寧從遠將視線轉到了這名陪同而來的少年上身,片刻之後他終是揮手撤去了威壓。
“墨離見過寧宗主。”顧九離恍若無事的拭去了脣間的血跡上前一步抱拳見禮道。
“墨姑娘竟是有傷在身,倒是本宗主失禮了。”寧從遠高高的坐在殿堂之上,嘴中雖說着抱歉的話但臉上卻沒什麼內疚的意思。
“無妨。”顧九離心中淡淡的一哂倒也沒怎麼放在心上。
如今既然到了天域,她便只是一個最底層的螻蟻罷了,這寧從遠貴爲一宗之主看在葉天闌的面子上親自接見她已經算是極給面子的了,就算一上來就給了她一個下馬威,她又能如何?

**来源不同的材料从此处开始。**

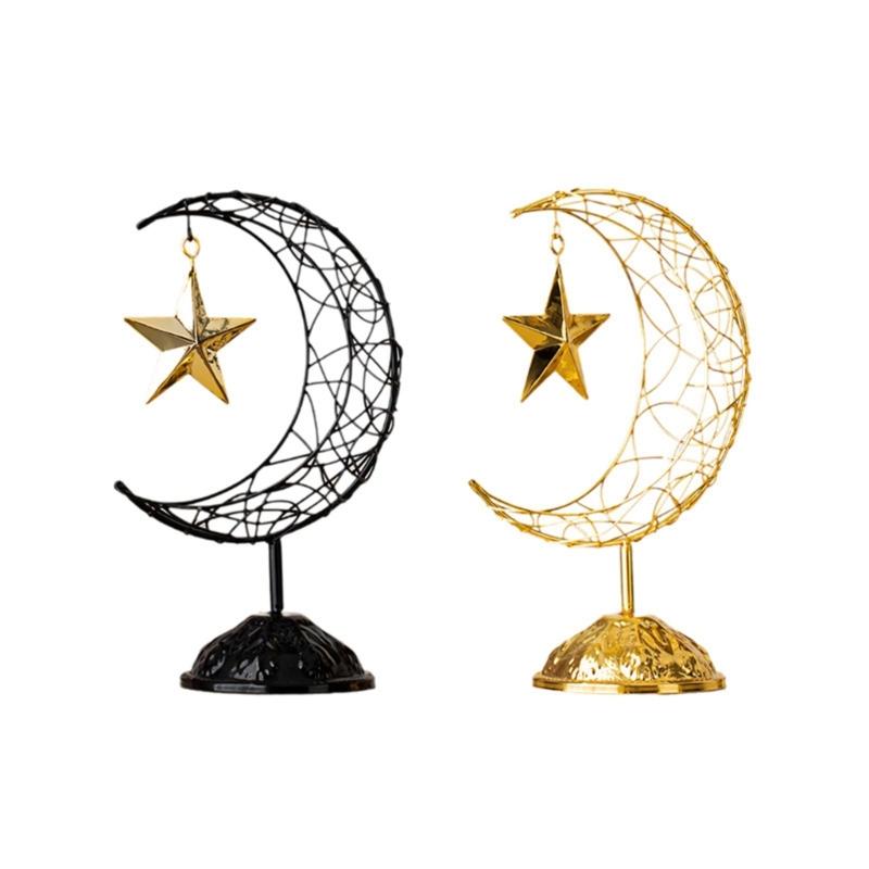 Artistic Middle Eastern Iron Moon Star Sculpture With Base Eid Ramadans Hollowout Ornament for Muslims Party Supplies

葉天闌蹙眉往顧九離口中塞了顆丹藥,臉上的神色看上去很是不虞。
“葉公子,在下只是見墨姑娘氣度不凡想試試她的實力,委實沒有惡意,只是沒有想到墨姑娘有傷在身,還請公子見諒。”寧從遠解釋道。
“葉宗主言重了。”葉天闌沒什麼情緒的說道。
見葉天闌這淡淡的模樣,寧從遠不但不怒反而露出了淡淡的笑意,很好,他越是在意這女子便越好。
“幾位既是葉公子的朋友,那便也是我寧從遠的朋友,隨意就好。”寧從遠面帶微笑的看了葉天闌一眼客氣的說道。
葉天闌隨意的點點頭,隨即便拉着顧九離在最前方的案几上坐了下來,沐清清帶着怒氣的瞪了上方的寧從遠一眼便快步跟了上去,滿是擔憂的看着臉色蒼白的顧九離。
留在最後方的喻清陌有些失神的看着地面之上泛着紫金光芒的血液,心中似有什麼在翻涌,她,究竟是什麼人?
“小陌陌,還站在那邊作何?”慵懶的聲音拉回了陌清遠的心神,少年若有所思的看了臉上遍佈傷痕的女子一眼纔在顧九離的對面坐了下來。
“葉公子,不知這位姑娘是你什麼人?”寧從遠也不繞彎子,直接開門見山的問出了最在意的問題。
“舊識。”
“只是如此?”
“不錯。”
寧從遠皺起了眉頭,從駱長老的描述和方纔的情況看來,這兩人的關係絕不是那麼簡單的。
其實他們到底是何關係他也不怎麼在意,他唯一在意的便是這葉天闌會不會因爲這女子而離開他金戈宗,亦或是,是否能爲了這女子留在金戈宗?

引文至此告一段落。